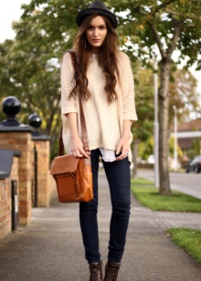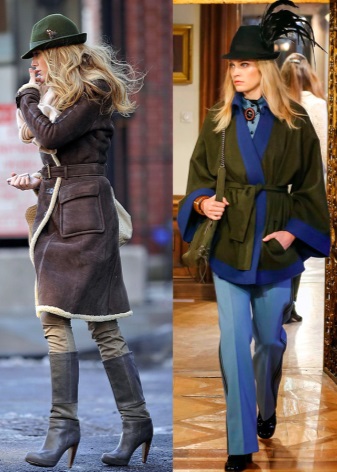Perfectly Tyrolean hat is combined with a plaid shirt, women's chinos and brogues. You can complement the image with a bag-bag and a watch. A Tyrolean hat is suitable for a coat of dark tones and high-heeled boots.
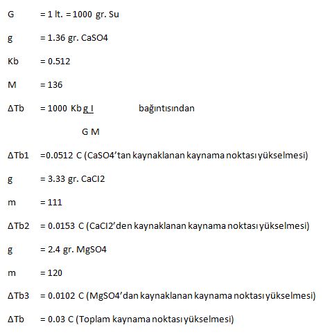 ÖRNEK : 100 C 1 lt su içerisinde 1.36 gr. CaCI2, 2.40 gr. MgSO4 içeren bir suyun kaynama noktasındaki yükselme şöyledir.
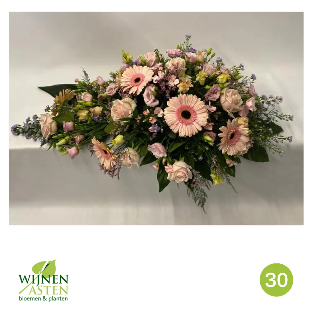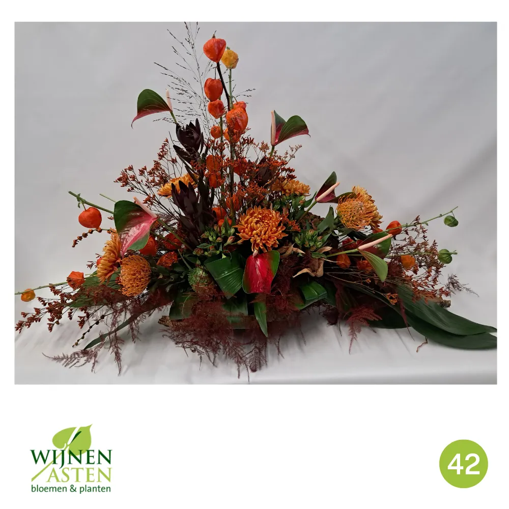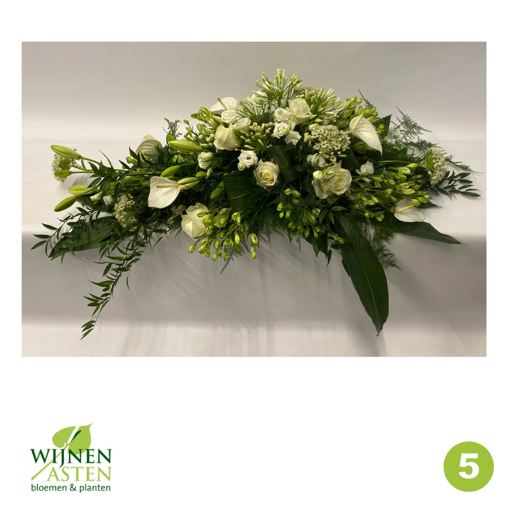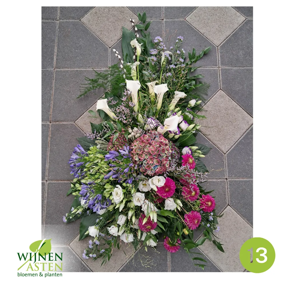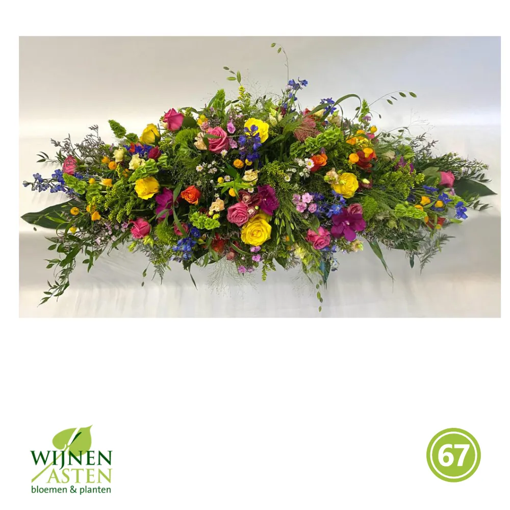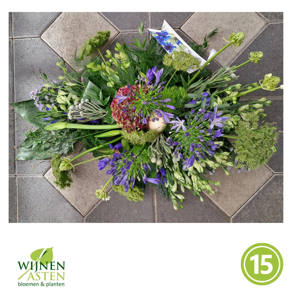 Rouwarrangementen Rouwbloemen en arrangementen bieden een persoonlijke manier om afscheid te nemen.In onze collectie vind je onder andere rouwboeketten, kransen, harten en kistbedekkingen, in diverse kleuren en stijlen.Elk arrangement kan worden aangepast aan jouw wensen, met seizoensbloemen en een passend lint.In onze winkel geven we graag meer informatie en tonen we voorbeelden om samen de juiste keuze te maken.Bestellen kan ook eenvoudig via het online formulier. Vermeld daarbij duidelijk welk arrangement je wenst, eventuele kleurvoorkeuren en de gewenste leverdatum.Zo zorgen we voor een respectvolle, zorgeloze bestelling op maat voor ieder bijzonder moment, met persoonlijke aandacht altijd.
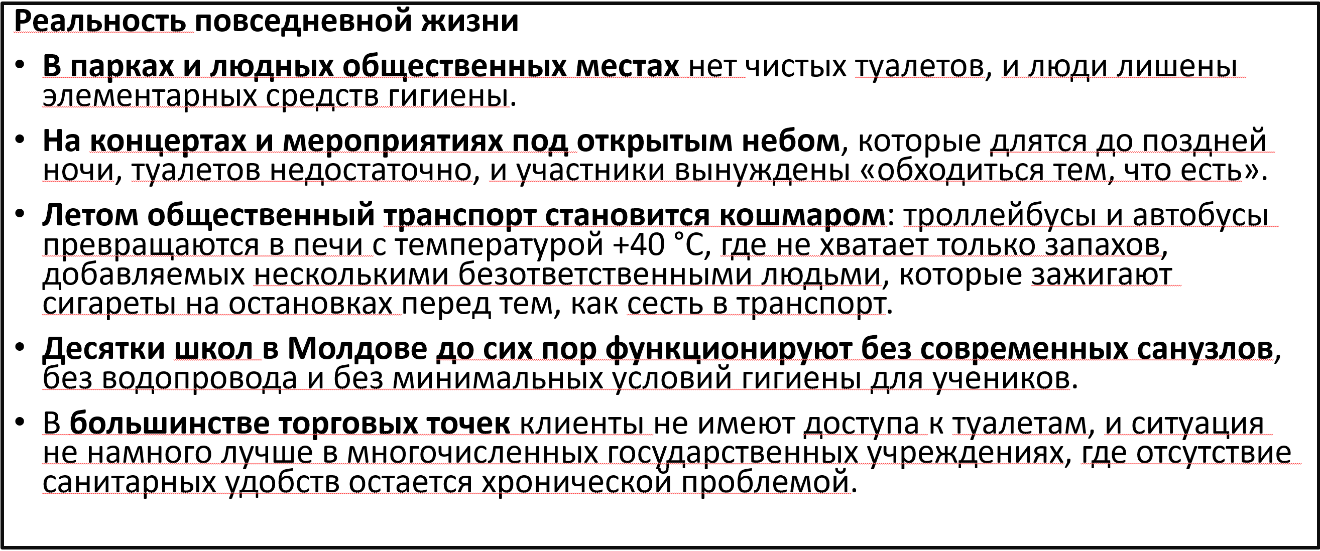 В то время как крупные европейские города инвестируют в инфраструктуру, способствующую здоровому и цивилизованному образу жизни — туалеты и душевые кабины на остановках общественного транспорта, чистые и доступные для всех туалеты, безопасные и ухоженные общественные места — в Кишиневе и других населенных пунктах страны по-прежнему отсутствуют элементарные элементы общественной гигиены: общественные туалеты редки или антисанитарны, остановки общественного транспорта не обеспечивают минимальных условий для пассажиров, а зеленые зоны часто завалены мусором.
* * *
▶ Your goal:
Please give again, exactly and only, the lines from the top of the listing above through the line that has "ÖRNEK : 100", with pictures left out.

▶ Result of this exercise:
Perfectly Tyrolean hat is combined with a plaid shirt, women's chinos and brogues. You can complement the image with a bag-bag and a watch. A Tyrolean hat is suitable for a coat of dark tones and high-heeled boots.
 ÖRNEK : 100 C 1 lt su içerisinde 1.36 gr. CaCI2, 2.40 gr. MgSO4 içeren bir suyun kaynama noktasındaki yükselme şöyledir.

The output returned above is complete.